__Problem__. Pictures in the data should be dropped; transcribe exactly the lines from the one that has "Set di pennarelli" through the one that has "Mais ici tout".

++++ Materials provided

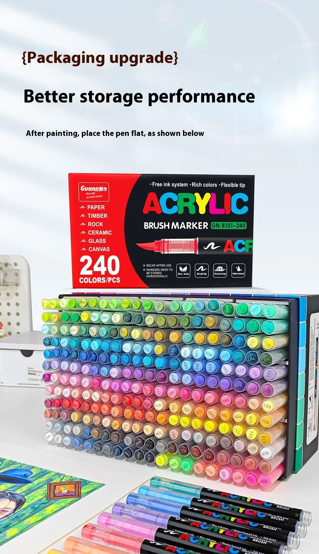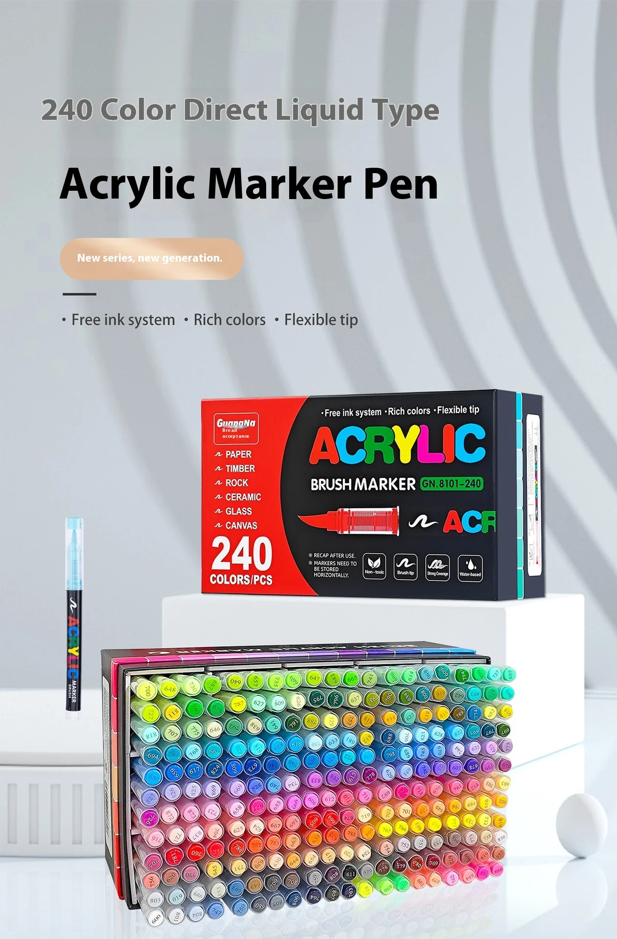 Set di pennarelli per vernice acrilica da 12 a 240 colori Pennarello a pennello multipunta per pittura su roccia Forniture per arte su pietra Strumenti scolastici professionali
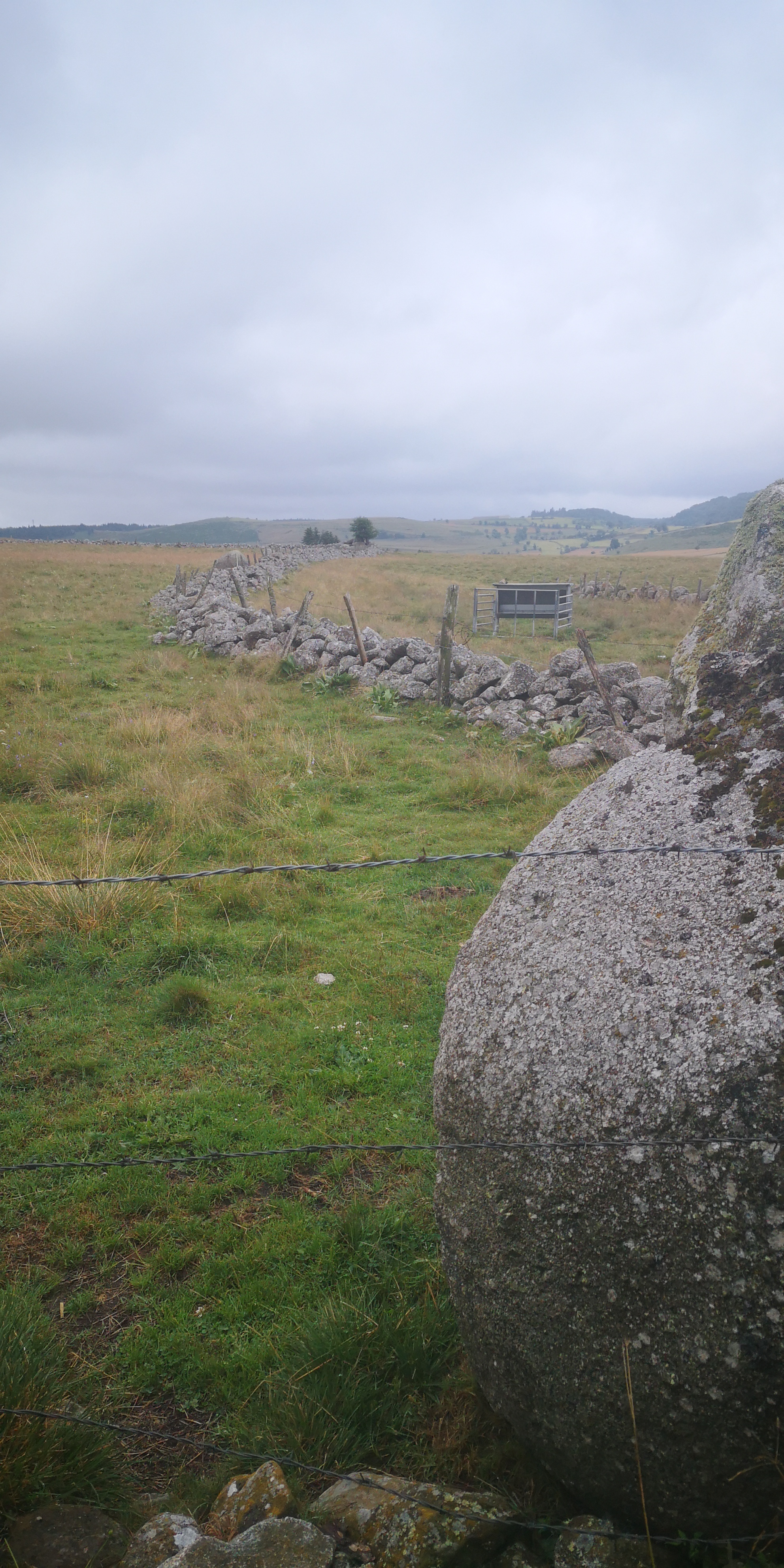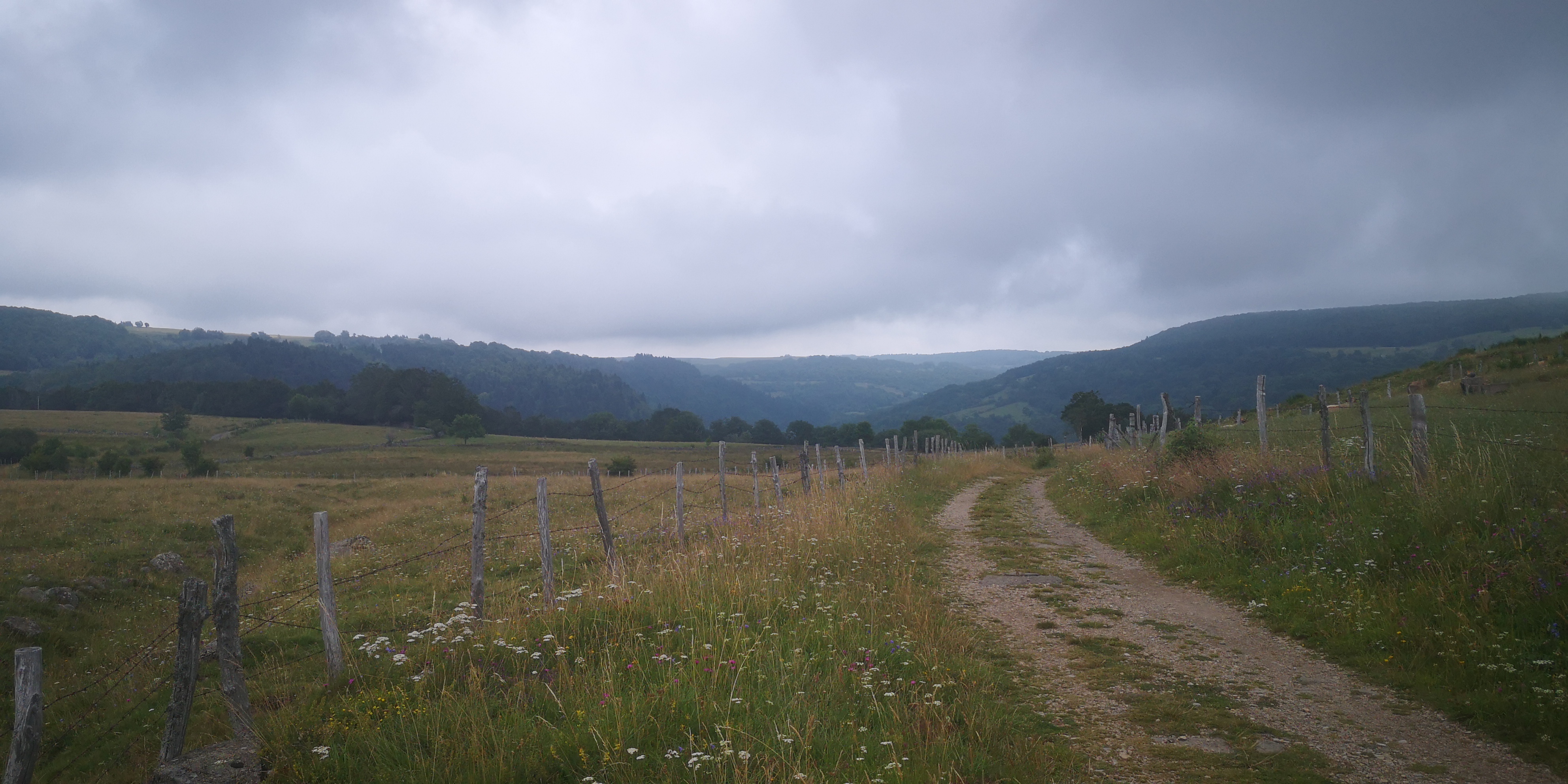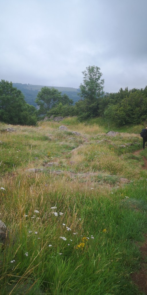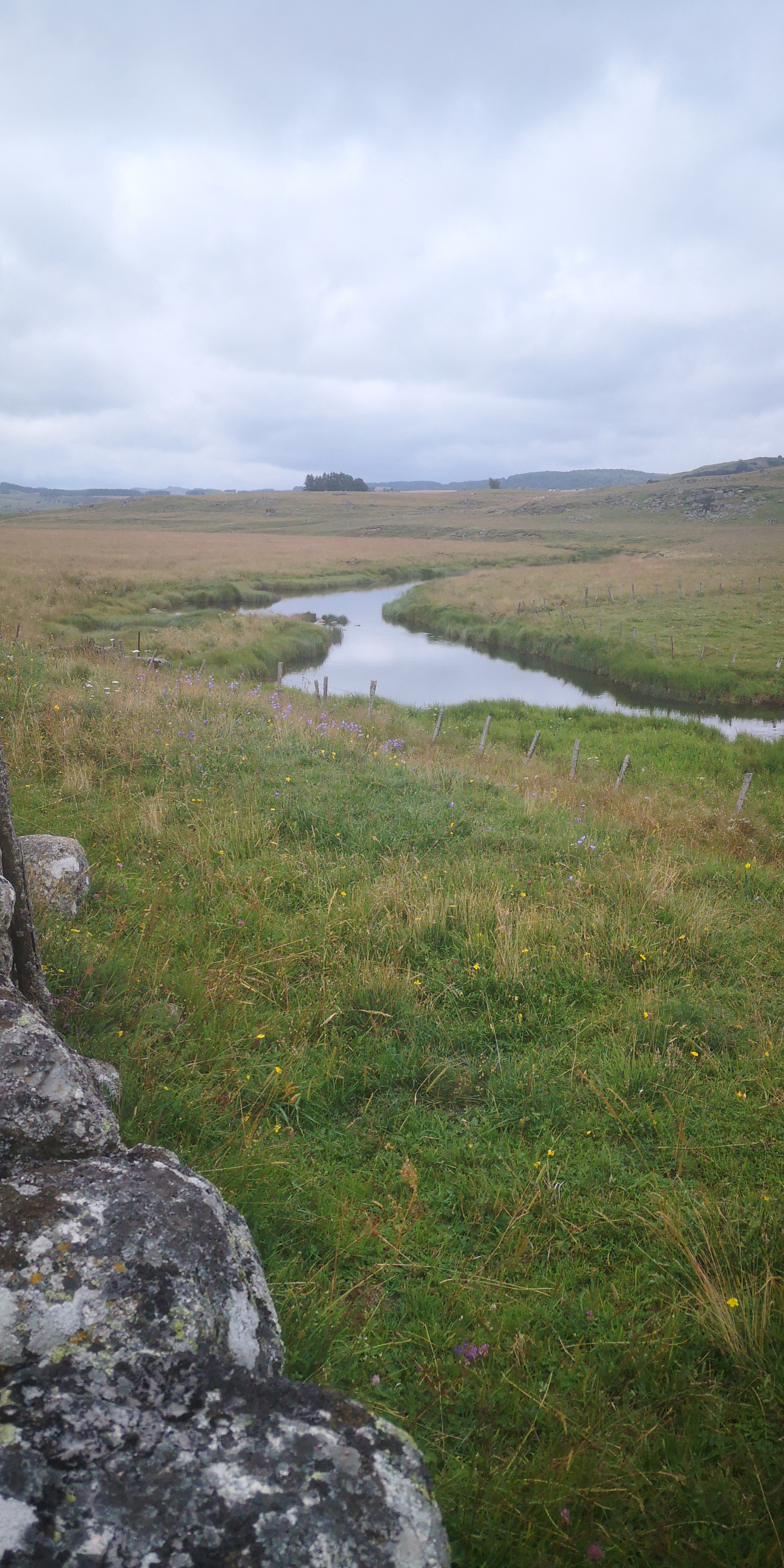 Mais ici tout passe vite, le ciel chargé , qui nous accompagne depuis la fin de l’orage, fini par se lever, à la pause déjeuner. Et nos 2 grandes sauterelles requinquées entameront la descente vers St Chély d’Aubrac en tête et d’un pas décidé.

++++++++
++++ Materials provided

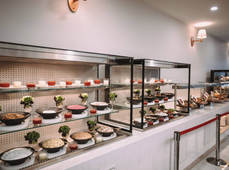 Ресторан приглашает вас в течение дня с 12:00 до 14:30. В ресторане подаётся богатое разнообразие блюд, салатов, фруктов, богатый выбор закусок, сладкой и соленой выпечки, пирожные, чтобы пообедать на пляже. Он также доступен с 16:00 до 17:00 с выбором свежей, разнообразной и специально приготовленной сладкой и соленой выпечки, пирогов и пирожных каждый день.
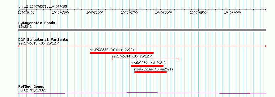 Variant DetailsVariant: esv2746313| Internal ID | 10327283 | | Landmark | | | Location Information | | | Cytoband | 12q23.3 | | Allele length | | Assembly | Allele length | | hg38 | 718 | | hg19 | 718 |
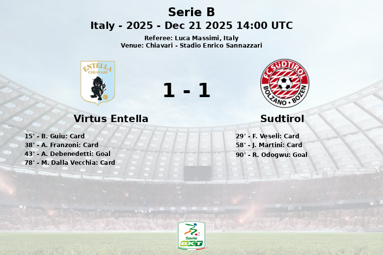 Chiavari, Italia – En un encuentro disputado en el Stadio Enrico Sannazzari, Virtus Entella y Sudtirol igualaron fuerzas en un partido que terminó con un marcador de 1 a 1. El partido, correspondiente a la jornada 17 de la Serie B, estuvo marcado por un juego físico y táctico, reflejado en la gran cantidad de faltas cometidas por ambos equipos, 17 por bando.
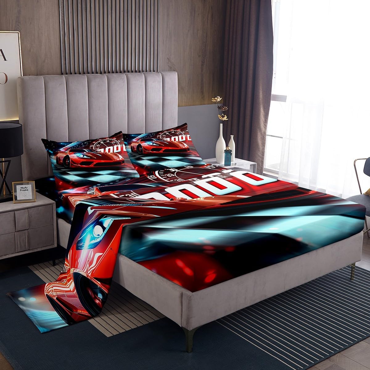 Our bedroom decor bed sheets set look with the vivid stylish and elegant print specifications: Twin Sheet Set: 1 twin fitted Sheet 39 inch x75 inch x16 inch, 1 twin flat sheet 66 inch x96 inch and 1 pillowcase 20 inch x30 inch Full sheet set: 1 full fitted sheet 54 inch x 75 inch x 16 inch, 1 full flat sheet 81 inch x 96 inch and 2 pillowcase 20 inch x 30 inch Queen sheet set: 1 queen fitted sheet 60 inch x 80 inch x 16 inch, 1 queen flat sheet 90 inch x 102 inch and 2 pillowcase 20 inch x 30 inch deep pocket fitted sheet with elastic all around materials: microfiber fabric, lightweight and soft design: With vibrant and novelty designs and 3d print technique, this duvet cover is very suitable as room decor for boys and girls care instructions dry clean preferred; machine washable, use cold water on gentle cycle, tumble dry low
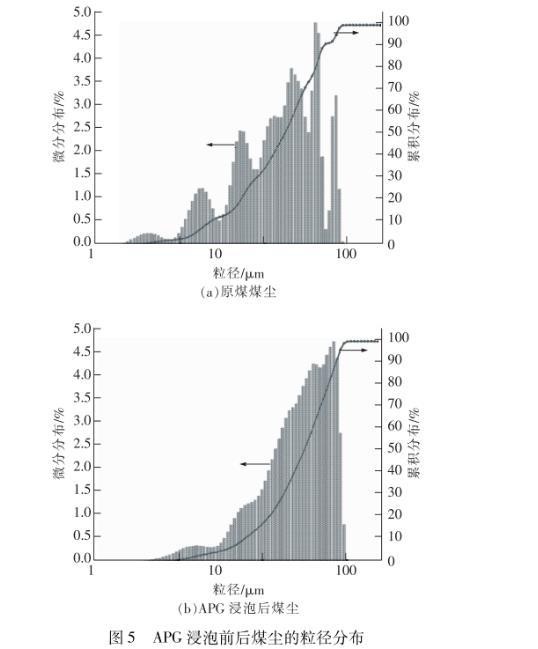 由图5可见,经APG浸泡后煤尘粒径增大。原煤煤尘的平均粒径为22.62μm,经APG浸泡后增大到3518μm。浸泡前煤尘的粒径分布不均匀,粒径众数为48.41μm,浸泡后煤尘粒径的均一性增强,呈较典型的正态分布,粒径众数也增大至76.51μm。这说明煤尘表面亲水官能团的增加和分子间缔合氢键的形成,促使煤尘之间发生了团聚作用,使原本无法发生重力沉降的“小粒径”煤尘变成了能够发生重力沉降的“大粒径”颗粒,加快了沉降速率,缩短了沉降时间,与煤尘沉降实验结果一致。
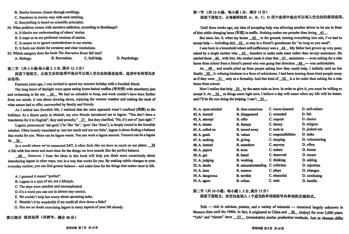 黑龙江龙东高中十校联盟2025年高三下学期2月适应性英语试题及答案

++++++++
++++ Materials provided

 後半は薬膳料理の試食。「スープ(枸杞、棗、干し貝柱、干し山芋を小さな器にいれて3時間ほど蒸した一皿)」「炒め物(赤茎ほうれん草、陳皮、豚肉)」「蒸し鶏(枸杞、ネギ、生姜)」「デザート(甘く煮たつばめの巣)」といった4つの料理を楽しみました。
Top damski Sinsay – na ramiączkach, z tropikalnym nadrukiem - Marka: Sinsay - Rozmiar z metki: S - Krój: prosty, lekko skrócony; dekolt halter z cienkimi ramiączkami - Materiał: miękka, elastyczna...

++++++++

__Reply__.
 Set di pennarelli per vernice acrilica da 12 a 240 colori Pennarello a pennello multipunta per pittura su roccia Forniture per arte su pietra Strumenti scolastici professionali
 Mais ici tout passe vite, le ciel chargé , qui nous accompagne depuis la fin de l’orage, fini par se lever, à la pause déjeuner. Et nos 2 grandes sauterelles requinquées entameront la descente vers St Chély d’Aubrac en tête et d’un pas décidé.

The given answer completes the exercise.